日銀が買い取ることによって、むしろ銀行のBS上で国債が準備金に置き換わるので、預金は国債から切り離されるのではないですか?

・日銀が国債を償却すると預金が消滅する
→国債を償却すると、ではなく、【日銀が準備金を召し上げると】である。日銀が国債を償却するのと、民間銀行に対する日銀の負債である準備金を召し上げるのは別の事象であると思います。

・長短の金利切り替えで負債コストを節減するのは難しいだろう。
→イールドカーブがフラットならそうでしょうね。だけどその検証のなかでさらっと、「議論をわかりやすくするために」イールドカーブがフラットである前提をおくのは堂々巡りってやつでしょう。

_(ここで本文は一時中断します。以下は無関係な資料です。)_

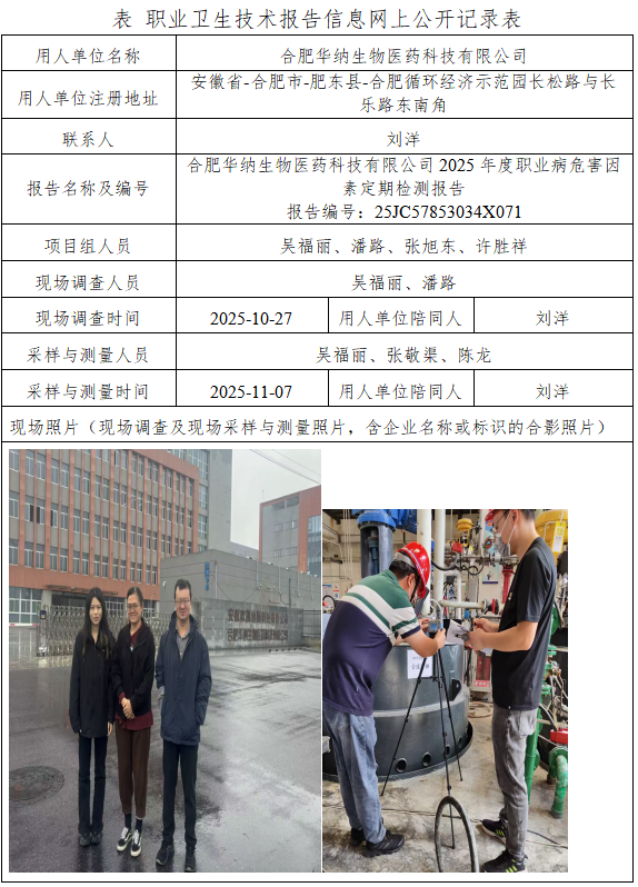合肥华纳生物医药科技有限公司2025年度职业病危害因素定期检测报告

・付利をずっと低い状態に維持すると民間銀行が保有している預金に対して統合政府が課税するのと同等になる。
→民間銀行は準備金に過剰にブタ積みしないでもっと経済活動に使え、という目的なのですから、当たり前。いかにも不当な政策のように表現されていますが、課税がいやなら民間銀行は日銀当座預金から引き出してよりよい運用をすればよいのです。預金金利がマイナスになるなら国民は銀行から引き出しせばよいのです。マイナス金利は徴税逃れの方法があるので、課税ではありません。

・適切な付利は短期国債の発行と同じ
→付利は2008年白川時代にリーマンに備えて始まったことであり、適切な付利は【ゼロ】では?0.1%とかいかにも少額に表現されていますが、一体いくらの支援を民間銀行に行っているのか、絶対額で示されてはいかがですか。

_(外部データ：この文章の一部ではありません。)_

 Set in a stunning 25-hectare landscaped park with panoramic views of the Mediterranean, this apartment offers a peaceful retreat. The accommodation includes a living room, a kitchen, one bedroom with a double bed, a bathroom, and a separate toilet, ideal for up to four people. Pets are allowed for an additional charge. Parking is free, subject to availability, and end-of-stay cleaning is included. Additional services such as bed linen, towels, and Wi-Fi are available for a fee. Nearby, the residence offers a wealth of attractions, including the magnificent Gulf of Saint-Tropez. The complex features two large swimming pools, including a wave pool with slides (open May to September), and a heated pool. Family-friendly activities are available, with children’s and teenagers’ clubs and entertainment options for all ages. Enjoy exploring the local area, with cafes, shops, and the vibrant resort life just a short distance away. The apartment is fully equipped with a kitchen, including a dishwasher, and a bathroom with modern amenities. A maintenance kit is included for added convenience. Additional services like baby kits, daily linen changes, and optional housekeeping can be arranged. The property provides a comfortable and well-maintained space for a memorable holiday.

・超過準備を維持することは国債を発行しているのと実質的に何も変わらない。
→はい、だからやめればいいのです。市場金利が3%になった正常な状態ならば、日銀のBSはこんなに太らせておく必要はないのです。日銀のBS規模を維持しておくためには買いオペを、とのことですが、インフレに振れそうな状況下で買いオペを行うのは狂気の沙汰。(2016/03/22 17:50)

現時点で、日銀が国債の買いこんでも、金利もインフレ率も上昇しない状況に対して、どのように弁明するのでしょうか?